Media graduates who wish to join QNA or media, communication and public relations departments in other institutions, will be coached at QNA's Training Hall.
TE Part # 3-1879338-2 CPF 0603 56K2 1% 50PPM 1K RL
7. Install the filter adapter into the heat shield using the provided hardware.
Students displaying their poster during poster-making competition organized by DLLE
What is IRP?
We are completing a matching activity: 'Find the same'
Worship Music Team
══════════
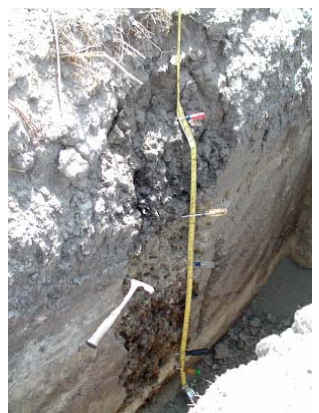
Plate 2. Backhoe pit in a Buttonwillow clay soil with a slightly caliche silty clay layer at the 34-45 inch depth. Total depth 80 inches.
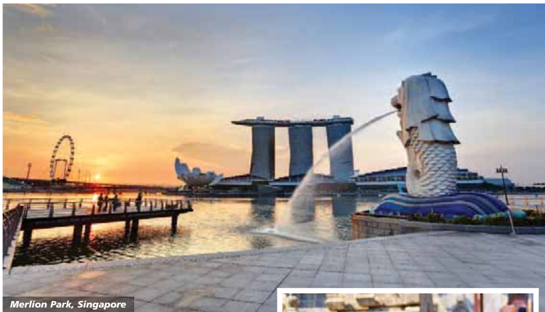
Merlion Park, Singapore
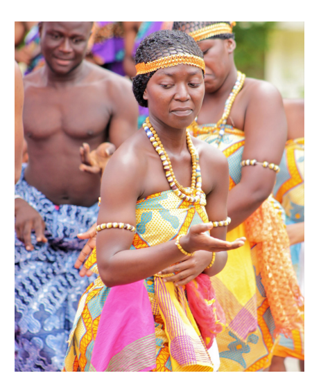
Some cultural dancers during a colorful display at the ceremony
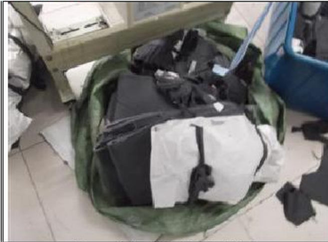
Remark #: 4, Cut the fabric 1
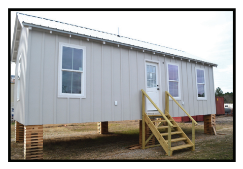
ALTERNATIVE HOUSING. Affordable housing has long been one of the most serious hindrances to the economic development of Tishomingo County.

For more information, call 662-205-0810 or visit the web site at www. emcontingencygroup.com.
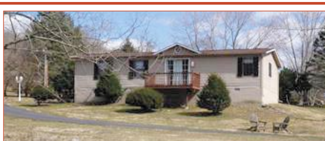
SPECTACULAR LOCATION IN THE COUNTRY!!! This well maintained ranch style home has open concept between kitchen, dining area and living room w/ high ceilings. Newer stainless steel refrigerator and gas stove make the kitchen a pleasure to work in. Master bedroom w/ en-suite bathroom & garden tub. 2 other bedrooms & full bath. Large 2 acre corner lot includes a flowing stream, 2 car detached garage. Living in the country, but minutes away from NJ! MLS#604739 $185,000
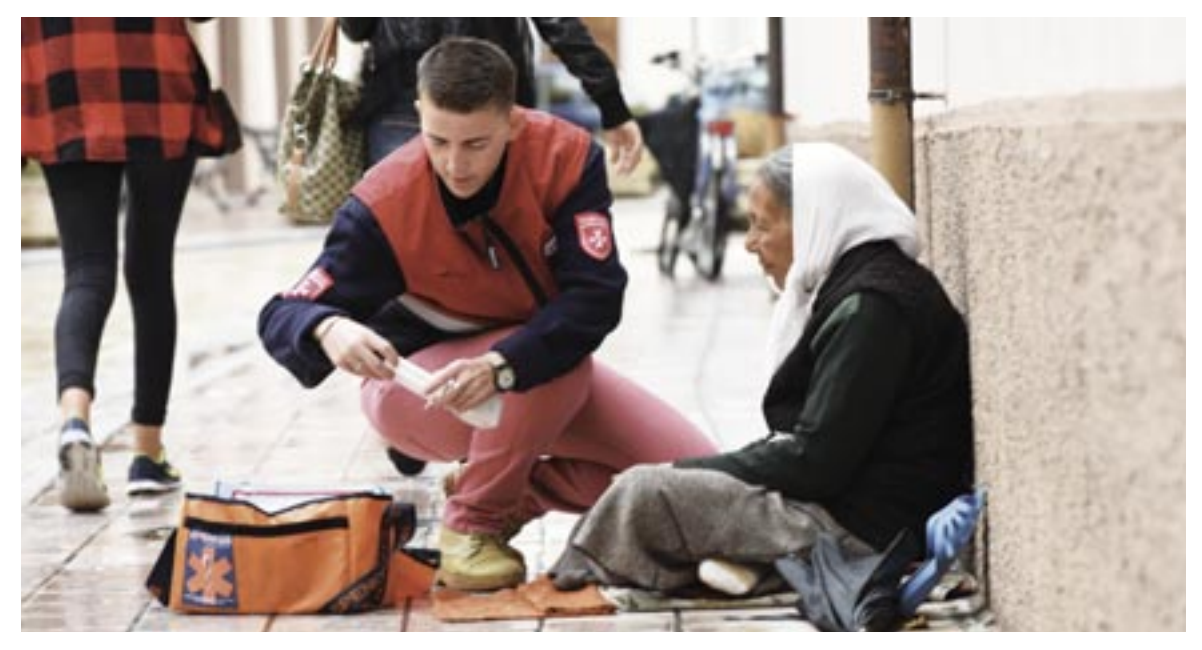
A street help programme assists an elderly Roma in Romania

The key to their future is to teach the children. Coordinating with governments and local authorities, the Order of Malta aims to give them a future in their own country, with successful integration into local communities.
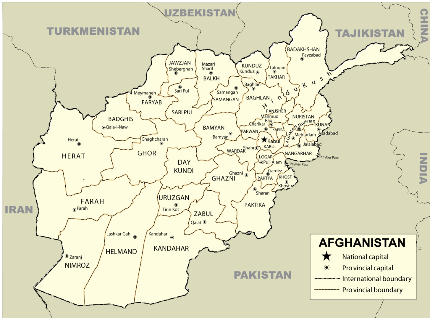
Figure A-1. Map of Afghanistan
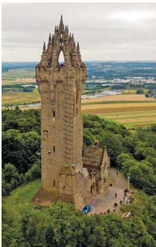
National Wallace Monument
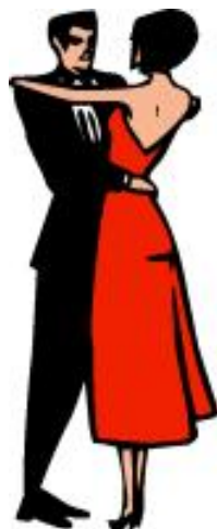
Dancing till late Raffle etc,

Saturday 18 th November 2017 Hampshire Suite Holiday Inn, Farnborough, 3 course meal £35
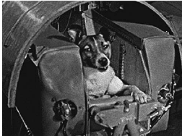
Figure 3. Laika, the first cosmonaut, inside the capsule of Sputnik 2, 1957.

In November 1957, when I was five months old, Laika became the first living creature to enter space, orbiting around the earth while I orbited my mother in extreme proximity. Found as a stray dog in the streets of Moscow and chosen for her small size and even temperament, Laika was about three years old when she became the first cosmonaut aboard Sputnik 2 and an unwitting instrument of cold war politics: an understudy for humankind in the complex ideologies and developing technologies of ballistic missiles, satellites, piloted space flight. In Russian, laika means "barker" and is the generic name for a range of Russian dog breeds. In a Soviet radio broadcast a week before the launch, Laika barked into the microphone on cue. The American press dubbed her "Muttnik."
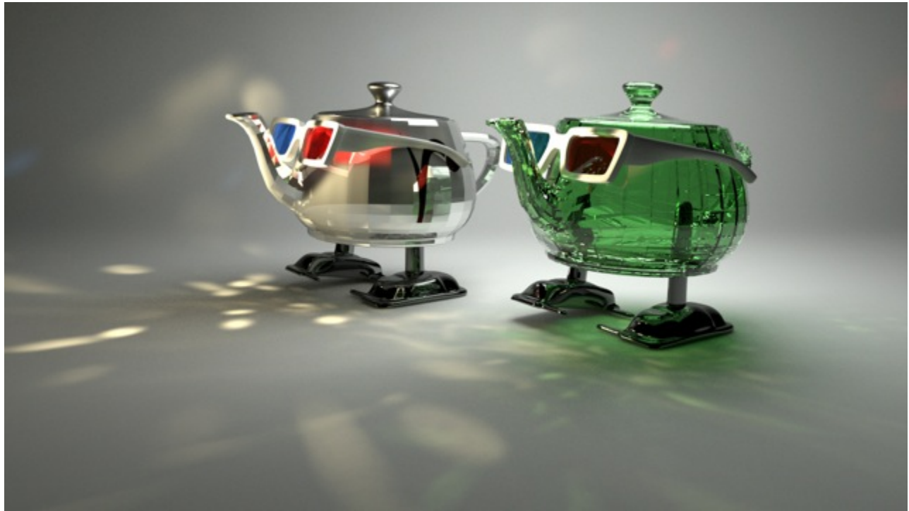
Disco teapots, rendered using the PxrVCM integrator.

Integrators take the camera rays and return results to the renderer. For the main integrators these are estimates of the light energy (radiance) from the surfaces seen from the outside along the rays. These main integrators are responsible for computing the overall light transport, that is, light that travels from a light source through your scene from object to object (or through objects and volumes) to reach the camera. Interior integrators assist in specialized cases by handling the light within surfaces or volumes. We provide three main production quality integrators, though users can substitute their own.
══════════
> Your task: Everything from the line with "Media graduates who" through the line with "Worship Music Team" should be written out exactly as it appears above, end lines included, and nothing outside that range.

> Problem solution:
Media graduates who wish to join QNA or media, communication and public relations departments in other institutions, will be coached at QNA's Training Hall.
TE Part # 3-1879338-2 CPF 0603 56K2 1% 50PPM 1K RL
7. Install the filter adapter into the heat shield using the provided hardware.
Students displaying their poster during poster-making competition organized by DLLE
What is IRP?
We are completing a matching activity: 'Find the same'
Worship Music Team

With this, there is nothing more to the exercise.